The Huldschinsky Madonna is a tempera-and-gold-on-panel painting by the Italian Renaissance painter Carlo Crivelli, executed c. 1460, and signed "OPVS KAROLI CRIVELLI VENETI". It is now in the San Diego Museum of Art. It is dated early in the artist's career, during or just after his stay in Padua in Francesco Squarcione's studio. There is a copy of the work with several variations signed "Opus P. Petri", who Roberto Longhi argued to be Pietro Calzetta, another Paduan School painter.

It is recorded in the Greek royal collections in Athens before passing into the Dohna-Mallmitz Collection and then the Huldschinsky Collection in Berlin, which gave it its name. In 1906 it was displayed at the Kaiser Friedrich Museum and twenty years later it was bought from the Huldschinsky Collection by Colnaghi in London and then Harding in New York before reaching its present home in 1947.

==Description and style==
The rectangular panel, probably created for private devotion, shows Mary leaning over a parapet and holding the Child who stands on it. Behind them is a rich double damask drape, red in the center (hung by a rod) and golden in the background. The Madonna at the parapet, a scheme of Flemish derivation that became popular in Italy and Venice in particular, was in fact replicated by the artist throughout his career, adding and creating new variations.

The Paduan heritage of the work is evident, starting from the two apples hanging high, a reminder of the original sin, up to the decorative exuberance of the gold and the composition itself, often used by the followers of Squarcione. An extremely acute realism permeates the panel, with the small still life of the closed letter in the foreground, hanging from the wooden parapet showing grain and knots.

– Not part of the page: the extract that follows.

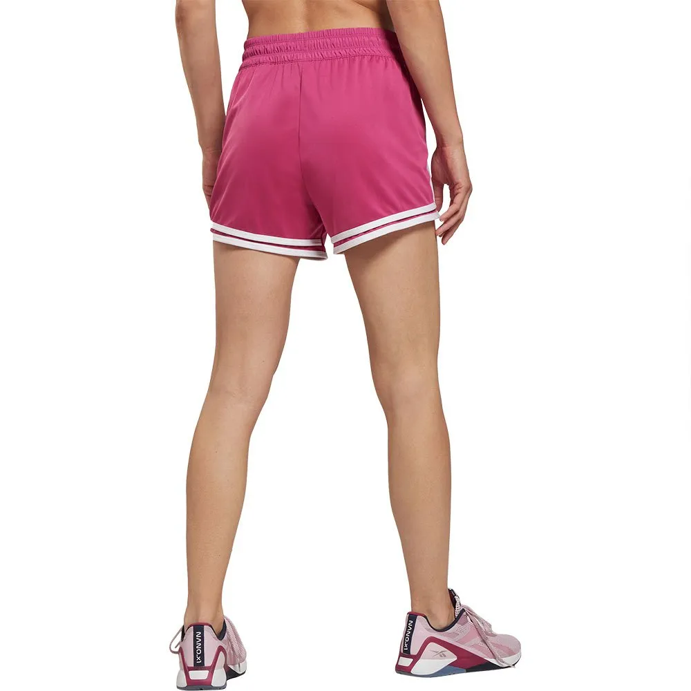 Vous n'avez pas besoin de retourner au cours de gym, mais vous pouvez revisiter le look old school avec ce short d'entraînement Reebok pour femme. La technologie Speedwick vous garde au sec sur l'elliptique ou le vélo. Une taille haute vous protège avec un ajustement sûr. La reliure contrastée ajoute une touche rétro.

The physical type of the absorbed Madonna shows the influence of the Florentine artists present in Padua, such as Donatello and Filippo Lippi, especially the latter in the very lively figure of the Child, who peeks carefully towards the viewer from behind the face of the Madonna. The protagonists, as in many of Crivelli's works, are Mary's hands, which delicately hold her son.

The influence of the Florentines can also be read in the perspective representation of the halos, like luminous and shiny discs suspended above the nape of the neck.